Chorales are elemental. They are formed from a single melody, traditionally taken from a hymn or song, and supported by other voices which all move uniformly together. Due to their simple and rudimentary design, chorales are often used as pedagogical tools for young students to study part writing, harmony, and form. But the chorales written by Bach and other composers of the past were not conceived as exercises, but rather to communicate biblical texts, like psalms, in vernacular settings that were simple enough for large congregations of amateur musicians to sing. Chorales interest me because they are functional yet deeply aesthetic. They have what the potter and writer Alison Britton might call a “double presence.”

The expression of "Worshipful Company” ranges from the solemnity of ancient liturgical music to the sentimentality of modern Catholic hymns to the innocence of music theory homework. Like the first chorales written by Martin Luther, they are structurally simple and immediate in expression. But they are without words, and not sung but rather bowed and hammered. Why this music for violin and piano registers as "sung" is a reminder that the voice is the substance of so many things.





































Saints have a double presence too. They are human and divine.













































Last year, I composed what called a “hagiographic concerto” for guitar, clarinet, and orchestra based on the story of St. Bazetta, a saint of my own making, named after the township in Ohio where I grew up. I invite you to read St. Bazetta’s story while you listen...
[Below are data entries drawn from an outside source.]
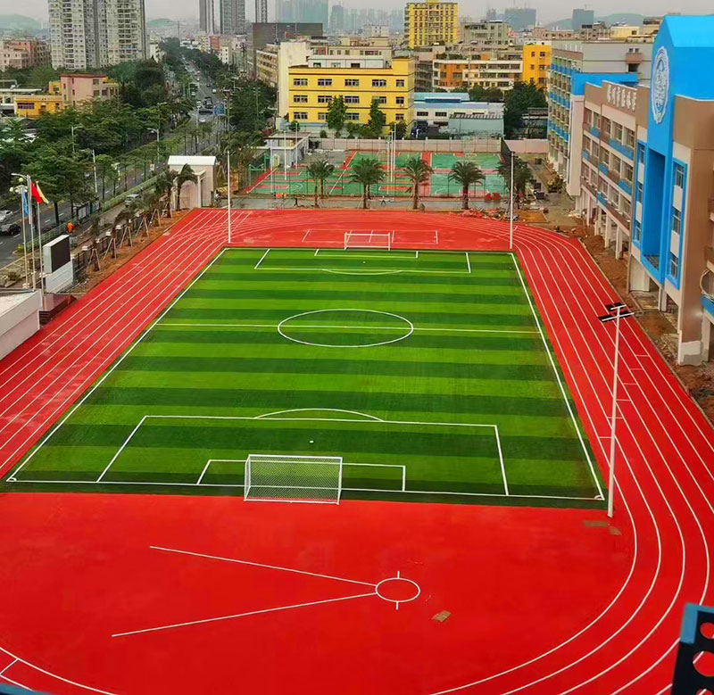 • 服务项目中小学及高中部的混合型跑道,人造草足球场,硅PU球场等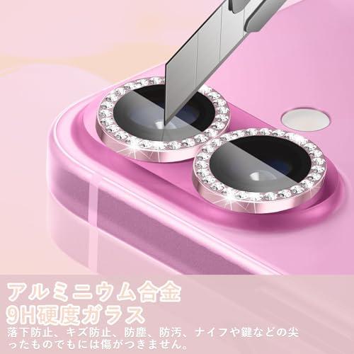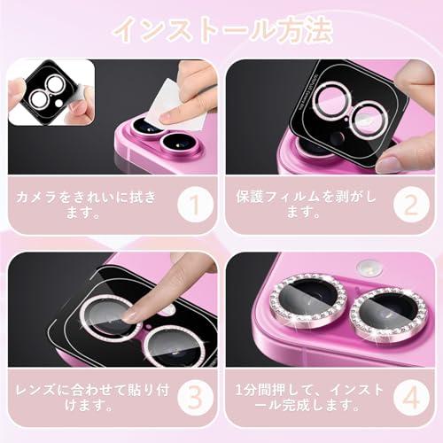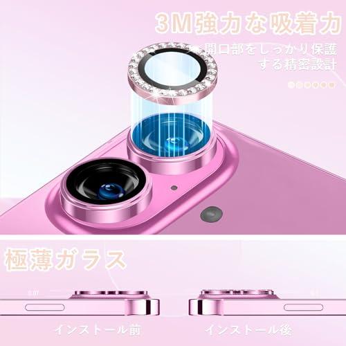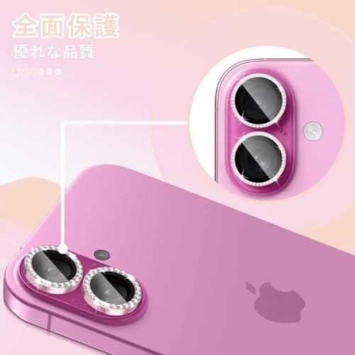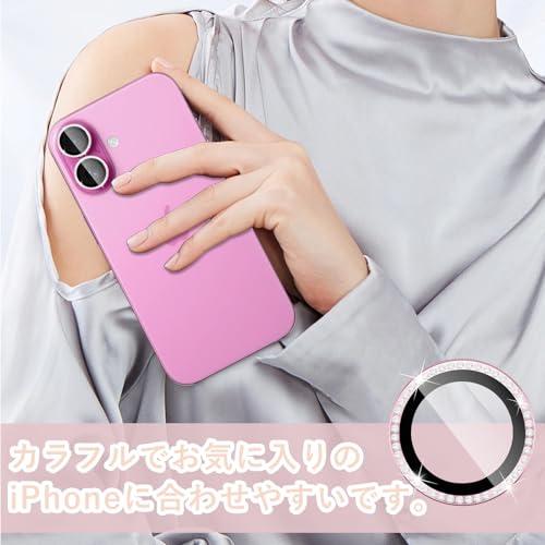 iPhone 16 カメラカバー iPhone 16 Plus レンズカバー ダイヤモンド カメラフィルム レンズ保護フィルム ダイヤモンド強化ガラス+アルミリング ガイド枠付き 9H硬度 二重保護 全面保護 衝撃吸収 防塵 落下防止 防水 高透過率 用の iPhone 16 対応 / 用の iPhone 16 Plus 対応レンズカメラカバー (ピンク)
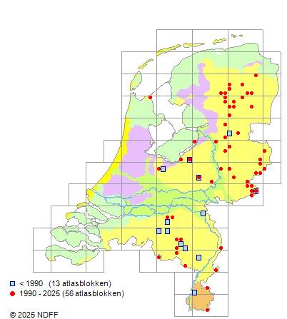 Het aantal atlasblokken (5x5 km) waarin de soort is gemeld binnen een periode van vijf jaar (vanaf 1980) of twintig jaar. Niet gecorrigeerd voor waarnemersinspanning en het aantal doorgegeven waarnemingen kan sterk variëren per periode, dus een trend in verspreiding kan hier niet direct uit worden afgelezen. Het opgegeven jaartal is het eerste jaar van de periode. Bron: gevalideerde waarnemingen uit de NDFF.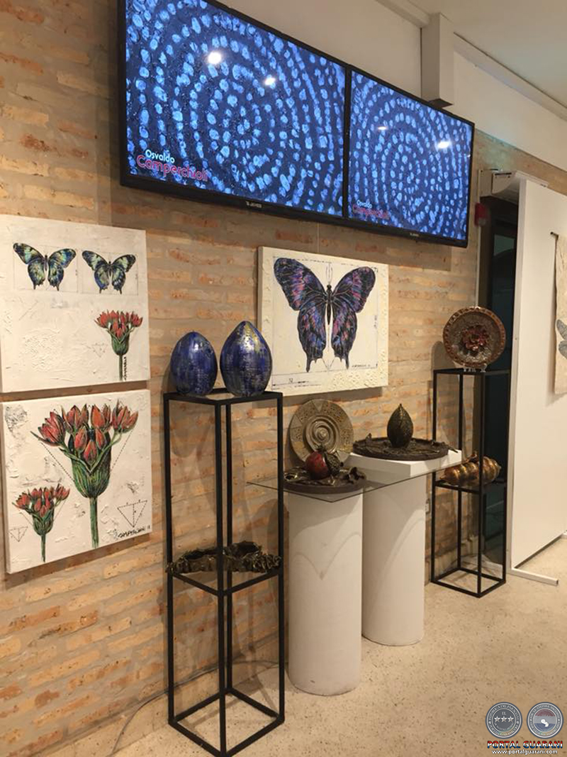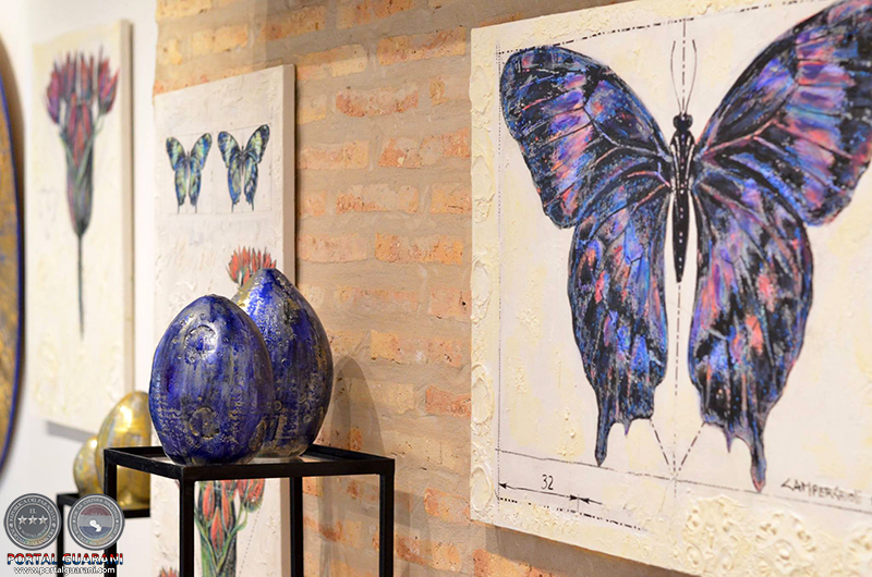 Camperchioli nos presenta pinturas realizadas con técnica mixta además nos trae figuras en cerámica esmaltada, las obras están inspiradas en la naturaleza y destacan la geometría que pone de manifiesto la armonía del conjunto, conformado por animales, vegetales y todo lo que representa la naturaleza.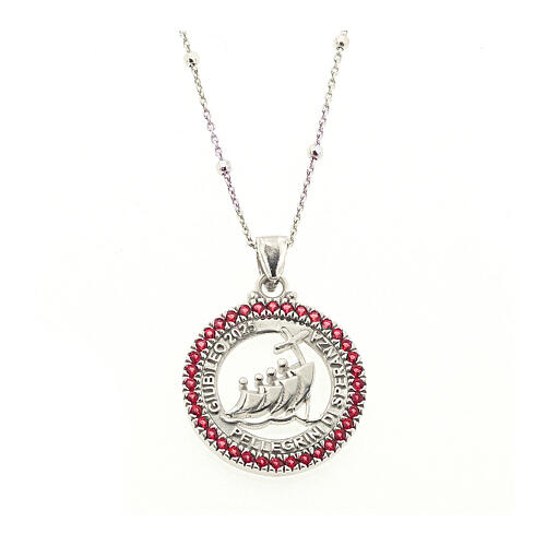 Collier Jubilé 2025 Agios zircons rouges argent 925. Ras-de-cou avec médaille représentant le logo officiel du Jubilé 2025 Pèlerins d'Espérance, réalisé en argent 925 avec finition rhodiée. Le logo est encadré par une file de zircons rouges, placé au centre d'une médaille circulaire de 22 mm de diamètre.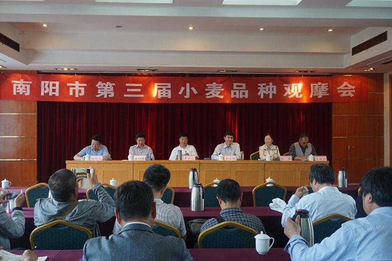 初夏伊始,我院在各地的小麦示范站观摩会正在如火如荼地进行,由西北农林科技大学南阳小麦试验示范站主办、南阳市种子管理站和南阳市农业科学院联合承办的“2017年小麦新品种(系)现场观摩会”在南阳国际饭店召开。开云官方在线入口副院长张蓉、杨凌示范区科学技术局局长柴小刚、南阳市农业局副局长李玉生、南阳市农业科学院副院长俞行简、试验站首席科学家王成社以及15位西农专家教授出席了观摩会。来自河南、江苏、安徽、山东和陕西等省市的种子企业和农技推广部门负责人及技术人员等150余人参加了会议,会议由南阳市种子管理站站长赵群友主持。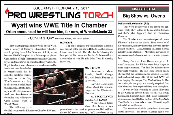 SUMMARY: This week’s PWTorch Newsletter begins with Wade Keller’s detailed report on WWE’s Elimination Chamber PPV and staff Roundtable Reviews and scores for the event… Keller’s Raw & Smackdown reports… Greg Parks’s feature column evaluating whether NXT has done an effective job actually developing talent for the main roster… Keller’s End Notes editorial looking at what this week’s WWE events mean to WrestleMania’s booking plans… Plus Torch Newswire…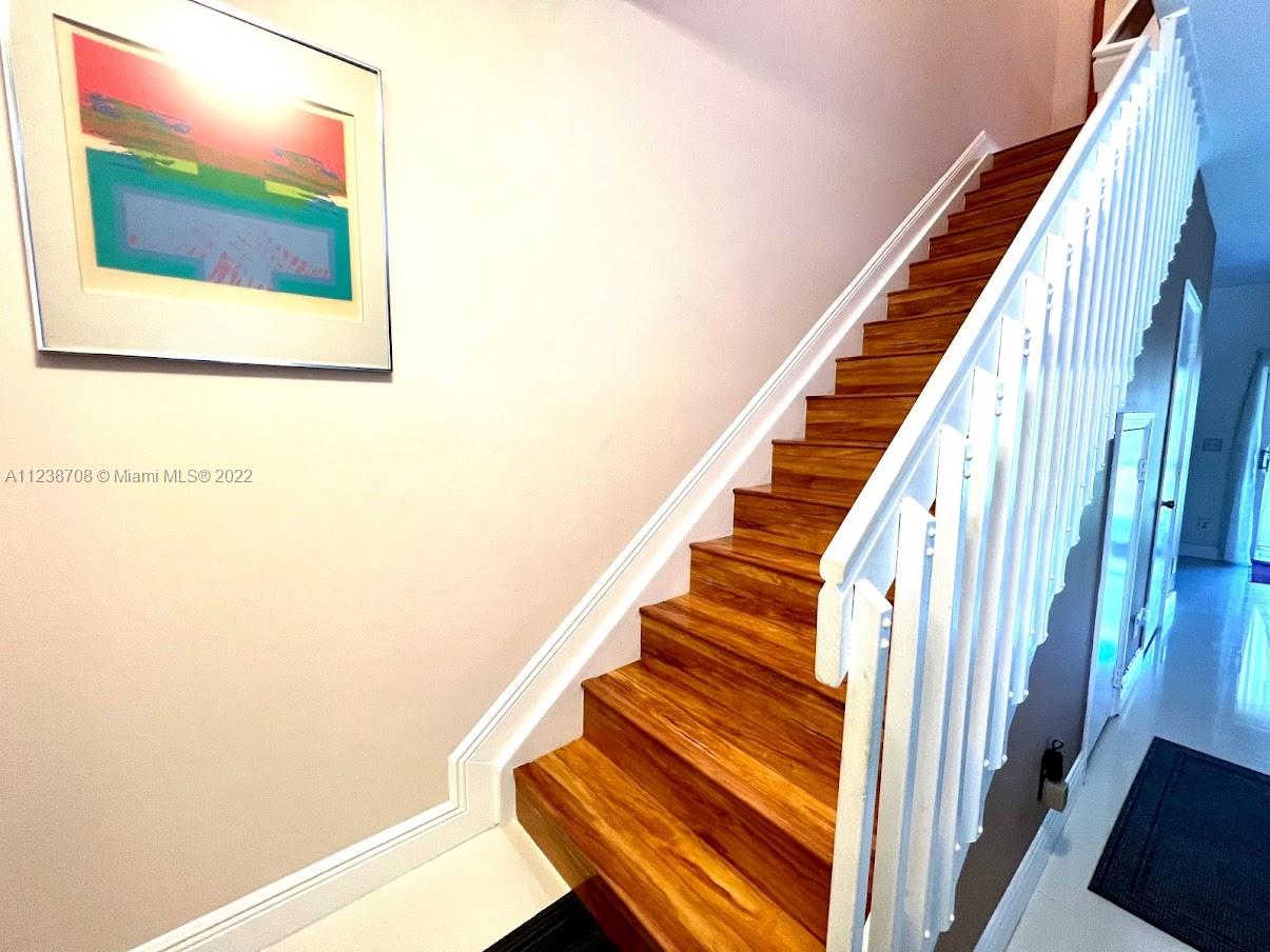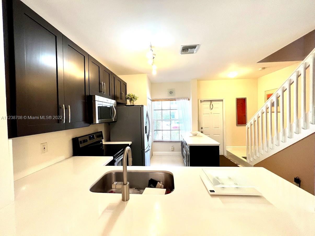 Pembroke Pines Beauty! Two story townhouse in gated community of Pelican Pointe. Excellent location on Flamingo Rd and Pines Blvd. Walking distance to major shopping, entertainment, and restaurants! All tiled downstairs with upgraded kitchen cabinets, stainless steal appliances. Cambria Quartz counters. Upgraded screen enclosure with mexican flooring. Accordion shutters throughout the property. Cathedral ceiling upstairs. Move-in condition! Community has tons of amenities like community pool, gym, and Internet included! Wood floors upstairs and each bedroom has its own attached bathroom. Bathrooms are upgraded. Shower in master bathroom with double sinks. Tub shower in second bathroom. Lots of natural light throughout the home!

There is a place called Bazetta. The etymological origin of its name is unknown. Bazetta is unremarkable in terms of its topography—tracts of uncultivated land adjoin with manicured lawns and linoleum-sided split level homes—yet it has an undeniable mystical presence: “a land for seeking esoteric spiritual truths,” as one hagiographer notes. Eremites came there instinctually, following an “ultra-thin allure,” and lived in the chestnut trees. Concealed by foliage, the eremites could only be heard praying. Their devotions were always sung, like angelic choirs who are believed to sing eternally in the presence of God. As the early music practitioner Christopher Page notes, the devotional singing of the eremites and their contemporaries was “not the self-conscious and extroverted activity that we [today] associate with performing.” They sang to more fully embody the spiritual meanings of their recitations, litanies, and testimonies. But that is not to say their intonations were not carefully tended to, nor deeply aesthetic. “Potent devotion beckons sonorous ecstasy.”



Hagiographic texts tell of a prodigious eremite from the forests of Bazetta whose voice “could still the sublunary world.” Walking aimlessly through the groves of chestnut trees one night, a prelate of the area, who had been afflicted by an inexplicable, generalized uneasiness for many years, suddenly felt a peculiar humming course through him. “I heard a tone like that of roaring waters… of a seraphim’s wings,” he recounted, “and awoke the next morning in the duff and detritus cured of my malaise.” The healing of the prelate was the first of many miracles attributed to the hermit, who was canonized and given the toponymic name St. Bazetta.



“The Song of St. Bazetta” is a fantastical reimagining of the devotional singing of St. Bazetta and the eremites of the region. The musicians sound with one voice, ceaselessly, in alternating choirs. They dwell upon the natural resonances of their instruments, following the slow undulation of a liturgical tenor. Without words and adornments, all that remains in this song is the voice, vox prius facta (“the voice first made”), the sounds that form our every utterance.















































This talk was given at the American Academy in Rome on December 4, 2023 as part of the 2023-24 Fellow Shoptalks series, alongside architect Ajay Manthripragada. The two of us also presented a prototype of a collaborative project, ‘Terrasong,’ a sound sculpture consisting of clay vessels and microphone feedback.